### The data
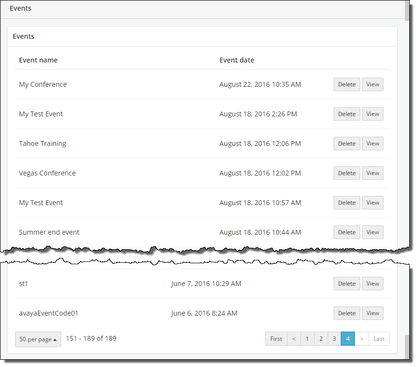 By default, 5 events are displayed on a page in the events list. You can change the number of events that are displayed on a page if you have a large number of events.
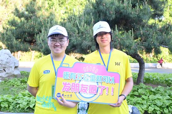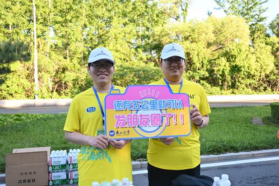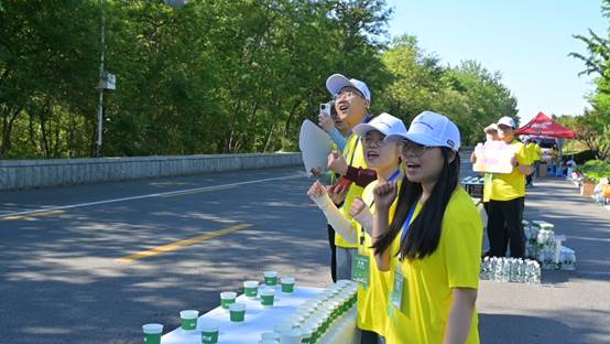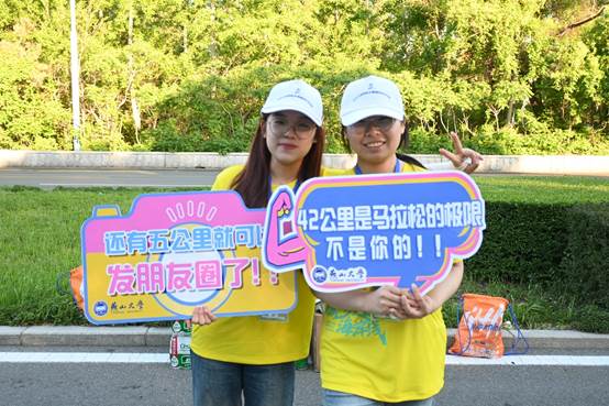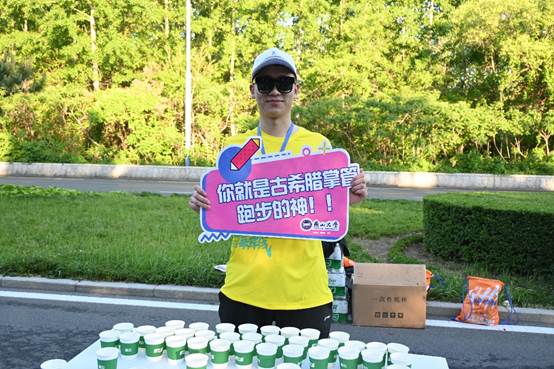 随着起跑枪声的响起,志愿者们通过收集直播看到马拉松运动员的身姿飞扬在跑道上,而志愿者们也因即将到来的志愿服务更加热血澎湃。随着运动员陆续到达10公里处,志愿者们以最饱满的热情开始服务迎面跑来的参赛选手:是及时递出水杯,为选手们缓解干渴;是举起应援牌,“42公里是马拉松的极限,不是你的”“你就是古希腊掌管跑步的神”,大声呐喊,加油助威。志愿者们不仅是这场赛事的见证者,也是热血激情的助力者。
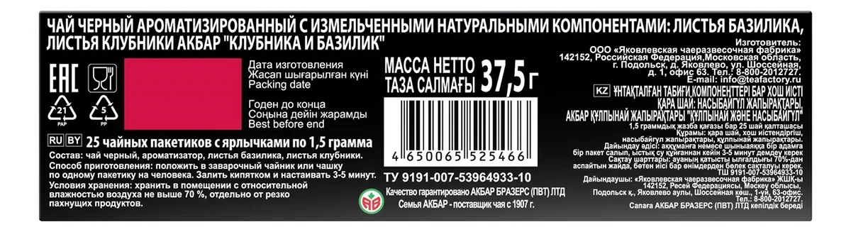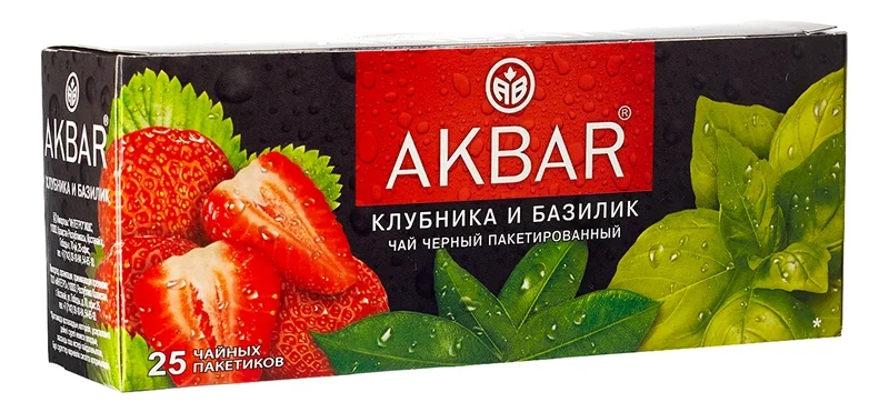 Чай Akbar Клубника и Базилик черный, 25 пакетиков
...
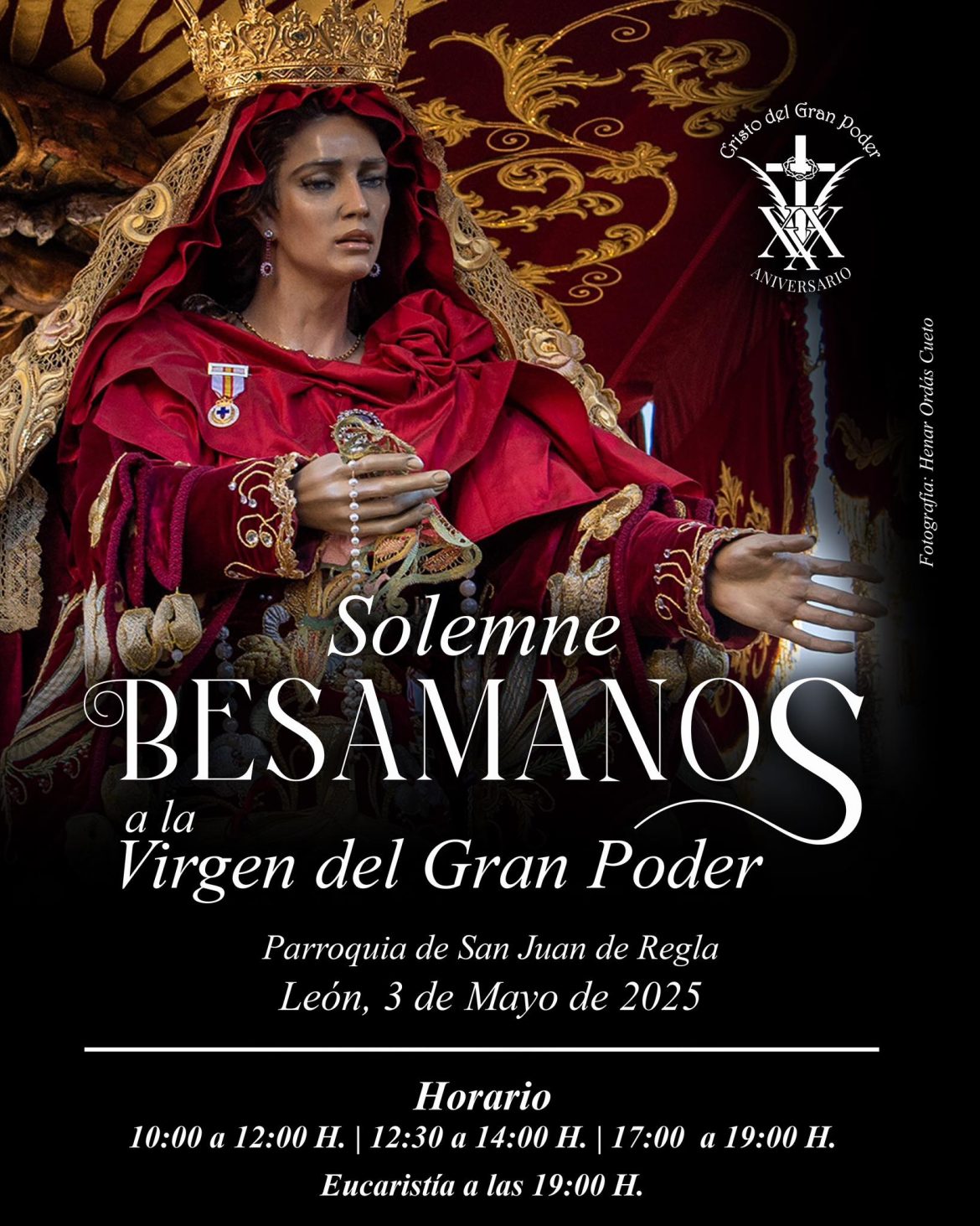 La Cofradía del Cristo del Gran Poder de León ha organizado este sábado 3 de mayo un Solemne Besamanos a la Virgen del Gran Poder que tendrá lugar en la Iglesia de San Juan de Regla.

### Exercise instructions
Now transcribe the lines above exactly, starting at the line containing "By default, 5" and ending at the line containing "Чай Akbar Клубника", both lines included, pictures excluded.

### The answer
 By default, 5 events are displayed on a page in the events list. You can change the number of events that are displayed on a page if you have a large number of events.
 随着起跑枪声的响起,志愿者们通过收集直播看到马拉松运动员的身姿飞扬在跑道上,而志愿者们也因即将到来的志愿服务更加热血澎湃。随着运动员陆续到达10公里处,志愿者们以最饱满的热情开始服务迎面跑来的参赛选手:是及时递出水杯,为选手们缓解干渴;是举起应援牌,“42公里是马拉松的极限,不是你的”“你就是古希腊掌管跑步的神”,大声呐喊,加油助威。志愿者们不仅是这场赛事的见证者,也是热血激情的助力者。
 Чай Akbar Клубника и Базилик черный, 25 пакетиков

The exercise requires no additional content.